Truth or Dare is an incredibly shocking film, for several reasons. There is an abundance of torture carried out toward the group by the crazed fan Derik, to the point in which the old expression ‘the lucky ones died first’ is actually correct. This in itself is neither surprising nor unexpected, but the level of abuse and humiliation levelled at the women was quite uncomfortable. It’s even more shocking when you remember the lovely Ms Cameron co-wrote and directed the film herself. Without wanting to give spoilers, there are some moments that one would not expect a female filmmaker to want to put her fellow gender through. However, by making the viewer experience this discomfort proves what a powerhouse director Cameron has the potential to be. It goes beyond mere exploitation – frankly, had a male director put some of the atrocities seen here on the screen they would be accused of being misogynistic.
The back stories of the crew that are revealed during the ‘truth’ part of the game are as shocking and disturbing as the tortuous ‘dares’; which is not to say they are unbelievable, but it does highlight the point that we can never really be sure how well we know our friends. It’s a credit to the entire cast that these revelations don’t come across as hackneyed, and actually make us begin to care for a group who essentially are unlikable college reprobates.
By tackling the growing phenomena of those so desperate for fame on the internet and reality TV programmes that they will literally draw blood and mutilate, the film looks at how we perceive our online personas, and how easy it could be for our own skeletons to be dragged from the closet. Are we really only defined by our hit counts?

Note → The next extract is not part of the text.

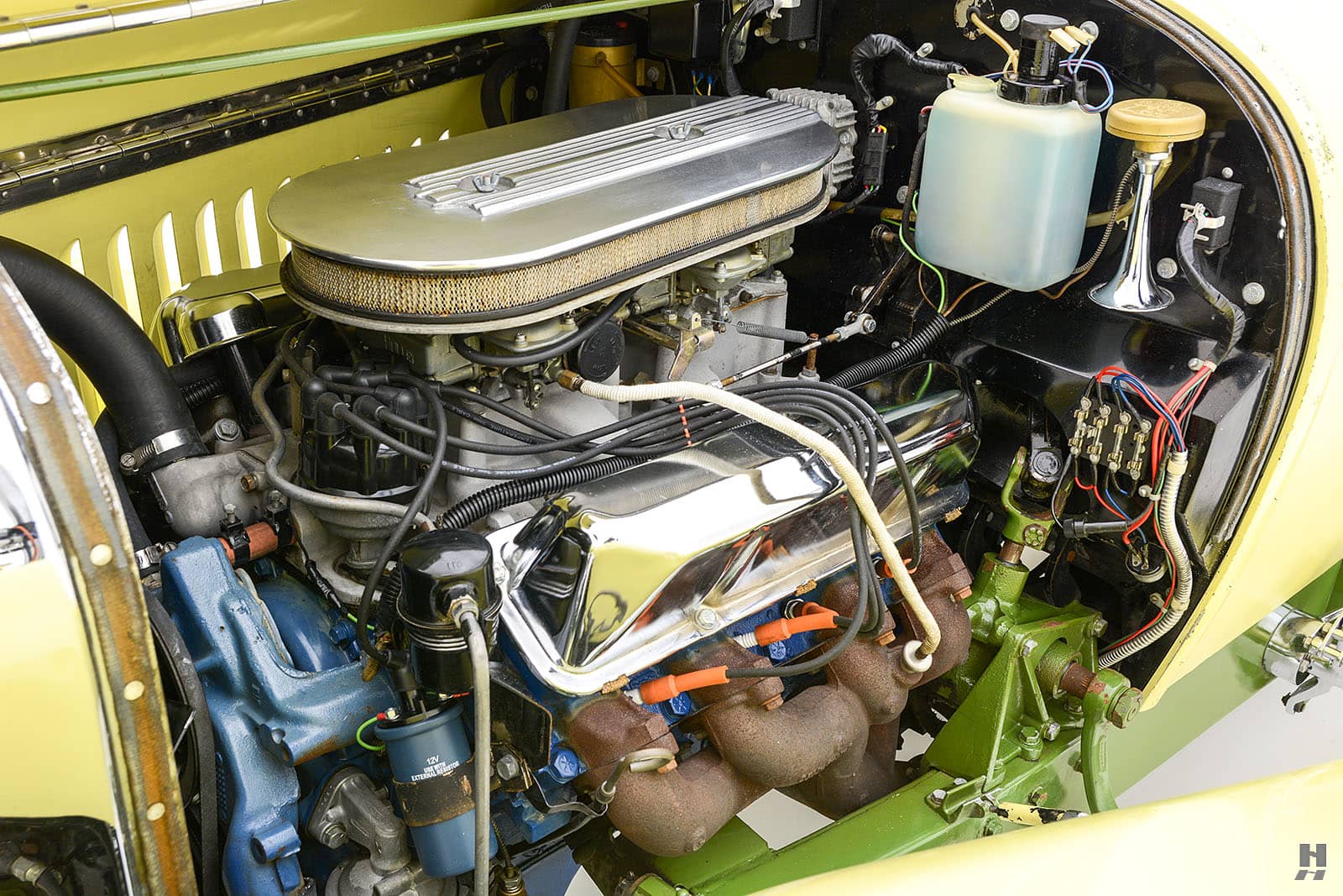 Bien sûr, rien d’autre que de grandes jantes à fils (rayons) donneraient la bonne apparence… et les Rugers se sont tournés vers Borrani pour fournir des jantes de 18 pouces. La puissance provenait de l’un des plus gros moteurs V8 des années ’60, le puissant 427ci de Ford, développant 425 chevaux, équipé de carburateurs à 4 corps, l’ensemble étant soutenu par une boîte de vitesses manuelle à quatre vitesses. Le châssis a ensuite reçu une carrosserie évocatrice des années trente, mais construite en fibre de verre renforcée avec un matériau vinyle surcollé, reprenant les techniques de la GM pour la Corvette.

Truth or Dare is a visceral, uncompromising and often gut-wrenching ride which may struggle to sit well with a mainstream audience, but horror fans – gorehounds particularly – should relish it, even if they may come away feeling more than a little disturbed. The claustrophobic central location – while obviously being an economical filming decision – gives a hopeless feeling of confinement. Herself a shameless self-promoter, Jessica Cameron has certainly made a strong and powerful mark for her directing debut. It will be interesting to see how she will top this in the future.